§ **Task description**: Every line below from the one containing "Powerful double-sided adhesive" through the one containing "徒歩6分で16系統「JR六甲" is to be printed exactly, with the pictures omitted.

§ **Records for this task**:
####
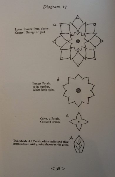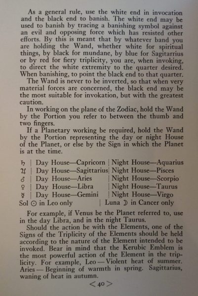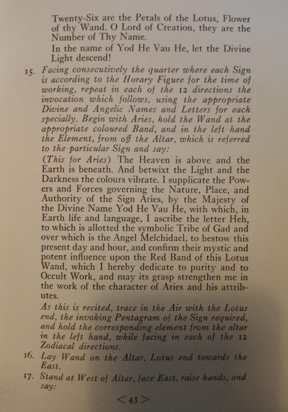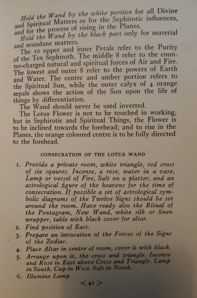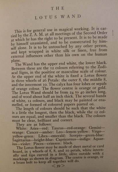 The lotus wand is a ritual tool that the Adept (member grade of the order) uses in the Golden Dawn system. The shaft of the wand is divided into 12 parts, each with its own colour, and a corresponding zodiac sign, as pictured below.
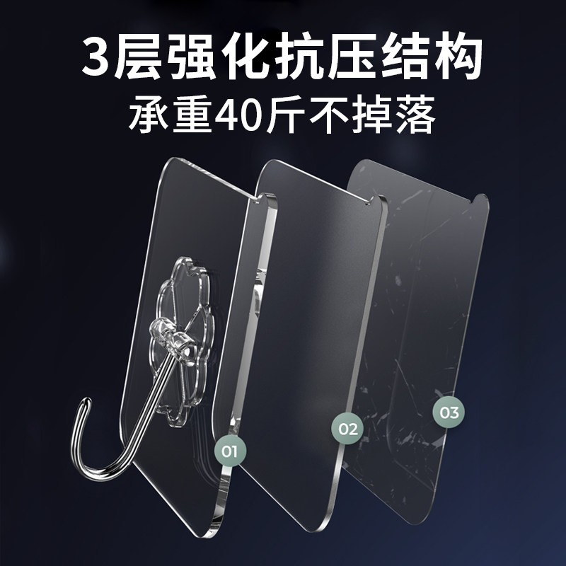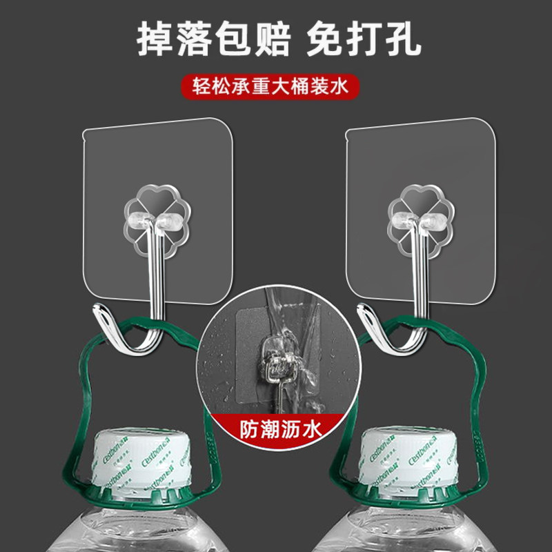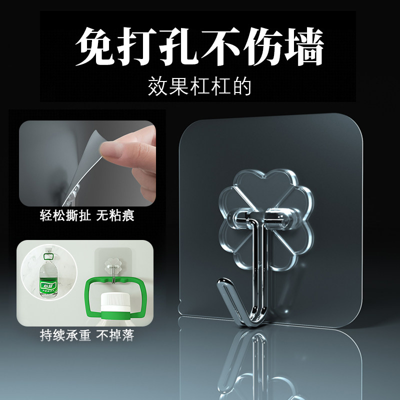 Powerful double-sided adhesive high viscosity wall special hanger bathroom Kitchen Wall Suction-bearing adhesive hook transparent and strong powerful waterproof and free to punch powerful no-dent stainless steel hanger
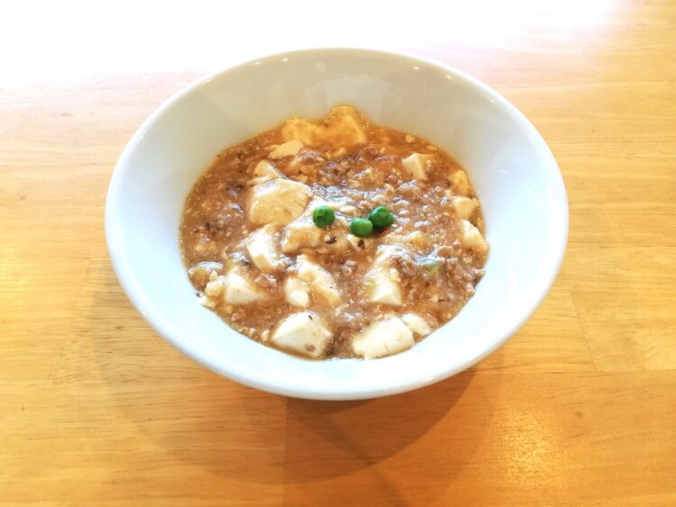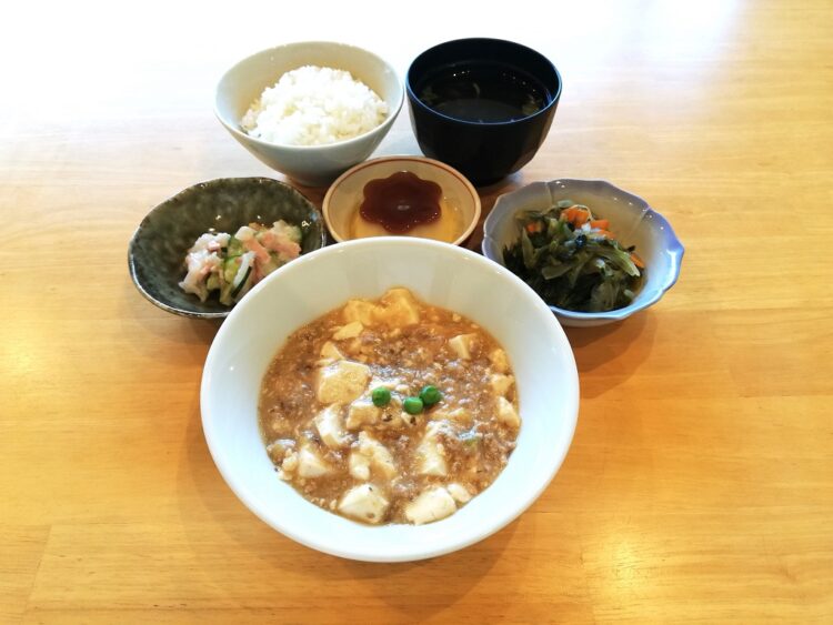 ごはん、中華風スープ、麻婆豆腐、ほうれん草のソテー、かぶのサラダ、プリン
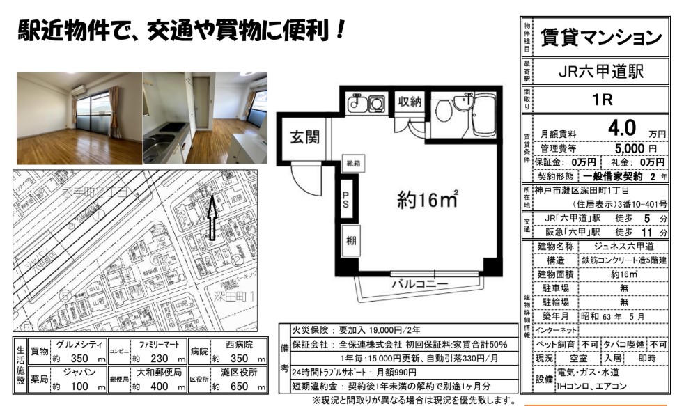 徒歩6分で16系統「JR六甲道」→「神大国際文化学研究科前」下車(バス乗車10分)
####
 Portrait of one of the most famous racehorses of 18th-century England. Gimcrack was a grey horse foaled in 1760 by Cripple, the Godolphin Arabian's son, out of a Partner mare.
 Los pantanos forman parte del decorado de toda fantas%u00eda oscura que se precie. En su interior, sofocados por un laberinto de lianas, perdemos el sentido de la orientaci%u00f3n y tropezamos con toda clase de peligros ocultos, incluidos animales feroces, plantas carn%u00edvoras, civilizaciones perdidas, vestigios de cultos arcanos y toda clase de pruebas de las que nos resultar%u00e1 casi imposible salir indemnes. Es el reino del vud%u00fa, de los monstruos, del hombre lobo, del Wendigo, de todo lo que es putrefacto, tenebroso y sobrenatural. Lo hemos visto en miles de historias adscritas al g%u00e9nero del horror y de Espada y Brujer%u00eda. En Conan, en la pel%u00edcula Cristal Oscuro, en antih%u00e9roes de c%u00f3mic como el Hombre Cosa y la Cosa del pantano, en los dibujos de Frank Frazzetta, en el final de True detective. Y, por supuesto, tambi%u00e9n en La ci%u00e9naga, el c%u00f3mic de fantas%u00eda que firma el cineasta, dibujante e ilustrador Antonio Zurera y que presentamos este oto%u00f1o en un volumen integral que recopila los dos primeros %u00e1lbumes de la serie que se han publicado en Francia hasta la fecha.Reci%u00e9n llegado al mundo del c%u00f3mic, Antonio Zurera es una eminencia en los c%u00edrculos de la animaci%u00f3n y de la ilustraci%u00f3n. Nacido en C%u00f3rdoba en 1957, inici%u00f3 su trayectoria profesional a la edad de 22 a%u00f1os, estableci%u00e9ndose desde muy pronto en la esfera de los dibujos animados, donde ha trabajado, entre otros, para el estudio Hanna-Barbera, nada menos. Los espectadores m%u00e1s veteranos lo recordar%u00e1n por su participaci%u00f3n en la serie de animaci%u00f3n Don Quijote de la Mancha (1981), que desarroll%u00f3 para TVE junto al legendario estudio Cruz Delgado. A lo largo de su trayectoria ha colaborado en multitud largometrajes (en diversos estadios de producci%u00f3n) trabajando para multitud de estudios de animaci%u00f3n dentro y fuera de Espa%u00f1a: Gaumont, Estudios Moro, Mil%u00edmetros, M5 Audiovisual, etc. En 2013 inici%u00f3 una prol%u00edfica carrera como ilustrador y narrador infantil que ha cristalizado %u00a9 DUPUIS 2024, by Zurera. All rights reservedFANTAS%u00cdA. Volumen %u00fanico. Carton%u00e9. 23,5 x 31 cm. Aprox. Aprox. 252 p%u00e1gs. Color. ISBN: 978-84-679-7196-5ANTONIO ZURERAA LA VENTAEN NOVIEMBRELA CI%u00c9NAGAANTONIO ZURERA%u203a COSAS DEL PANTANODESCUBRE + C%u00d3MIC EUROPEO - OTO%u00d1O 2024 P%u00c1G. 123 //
####
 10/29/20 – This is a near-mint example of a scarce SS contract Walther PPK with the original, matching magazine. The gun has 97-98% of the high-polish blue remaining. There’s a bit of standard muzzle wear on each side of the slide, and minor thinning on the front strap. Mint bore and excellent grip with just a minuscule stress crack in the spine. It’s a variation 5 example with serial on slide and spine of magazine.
####
§ **Problem solution**:
 Powerful double-sided adhesive high viscosity wall special hanger bathroom Kitchen Wall Suction-bearing adhesive hook transparent and strong powerful waterproof and free to punch powerful no-dent stainless steel hanger
 ごはん、中華風スープ、麻婆豆腐、ほうれん草のソテー、かぶのサラダ、プリン
 徒歩6分で16系統「JR六甲道」→「神大国際文化学研究科前」下車(バス乗車10分)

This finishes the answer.